The core argument of the book is that only 7% of Muslims are "politically radicalized," and that "about 9 in 10 Muslims are moderate." On what does this factoid rest? The authors explain (pp. 69-70):
According to the Gallup Poll, 7% of respondents think that the 9/11 attacks were "completely" justified and view the United States unfavorably.... the 7%, whom we'll call "the politically radicalized" because of their radical political orientation... are a potential source for recruitment or support for terrorist groups.So an essential precondition for being "politically radicalized" is to believe that 9/11 was "completely" justified. The pool of support is only 7%. Don't you feel relieved?
Respondents who said 9/11 was unjustified (1 or 2 on a 5-point scale, where 1 is totally unjustified and 5 is completely justified) are classified as moderates. Respondents who said 9/11 was justified (4 or 5 on the same scale) are classified as radicals.Wait a minute.... In 2006, then, these same authors defined "radicals" not only as Muslims who thought 9/11 was "completely justified" (5 on their scale), but those who thought it was largely justified (4 on their scale).
About 93 percent of the world's 1.3 billion Muslims are moderates and only seven percent are politically radical, according to the poll, based on more than 50,000 interviews.Can there be a more distorted interpretation than that? Sure. Here's the Deutsche Presse-Agentur, reporting the same "findings":
The overwhelming majority of Muslims—93 percent—condemned the September 11, 2001 attacks on New York and Washington.Ah. So anyone who didn't "completely justify" 9/11 is now thought to have somehow condemned it.

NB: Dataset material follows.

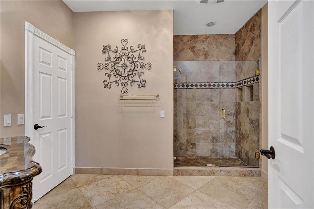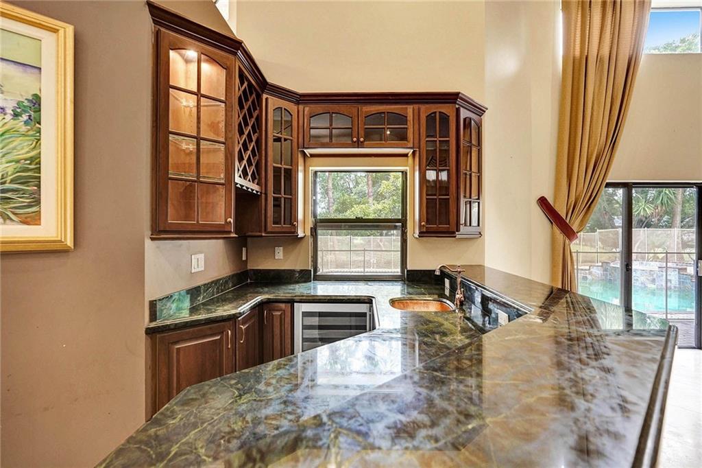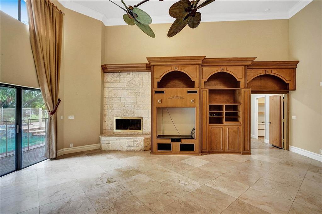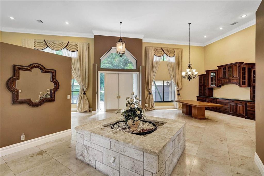 Tree-lined, cul-de-sac on 18000sf pie-shaped, water lot invites you into dramatic 1 story w/ 16' ceilings accented by dbl crown moldings, remodeled kitchen & baths in this 6/4 & sitting area, split design. In the KT, Wolf & Miele stainless appliances. pull down shelves w/soft close drawers, tumblestone backsplash & More!! Center island w/ disposal & full cabinetry. Koehler fixtures in baths w/designer vanities. Dual-side showers in 2 baths. Huge main bath w/jetted tub & multi feature shower. Owners wing over 1000sf w/plantation shutters! Coral Rock Fireplace, first-class built-ins in the FR, DR and Den. Lg wetbar w/pass through, refrigerator & wine chiller. Lg covered patio with pool and elevated spillover spa, with baby fence overlooking water. See attachment for EXTENSIVE features list.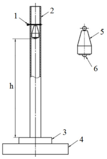 Schematic diagram of the testing equipment for impact test. 1. Bolt for adjusting height; 2. Tube; 3. Experimental sample; 4. Steel base (mass ≥ 20 kg); 5. Steel hammer block by quenching; 6. Hem-spherical steel punch by quenching of 25 mm diameter; h. Falling height.

Many continue to ask: If Muslims truly reject terrorism, why does it continue to flourish in Muslim lands? What these results indicate is that terrorism is as much an "out group" activity as any other violent crime. Just as the fact that violent crimes continue to occur throughout U.S. cities does not indicate Americans' silent acquiescence to them, the continued terrorist violence is not proof that Muslims tolerate it. An abundance of statistical evidence indicates the opposite. (p. 95)Of course, in America we don't have vast numbers of people who completely or largely or half-justify violent crime. We don't have bishops and journalists extolling its virtues. We don't teach our children that they'll go to paradise for killing a night attendant at a 7-11. And we don't wait for someone else to fight our crime; we police ourselves. Terrorism continues to flourish in the Muslim world precisely because many of Esposito's newly redefined "moderates" justify, excuse, and tolerate it—enough to allow it to burrow into the culture. This is why Who Speaks for Islam? is such a dangerous compendium of misinformation. Its purpose is to persuade us that Muslims don't have to do much of anything, and that the onus is on us—to banish "Islamophobia," or change our policies, or address the "grievances" of the "radicals." The book is a slick version of 9/11 denial. Its message is that the terrorists did what they did despite being Arabs and Muslims.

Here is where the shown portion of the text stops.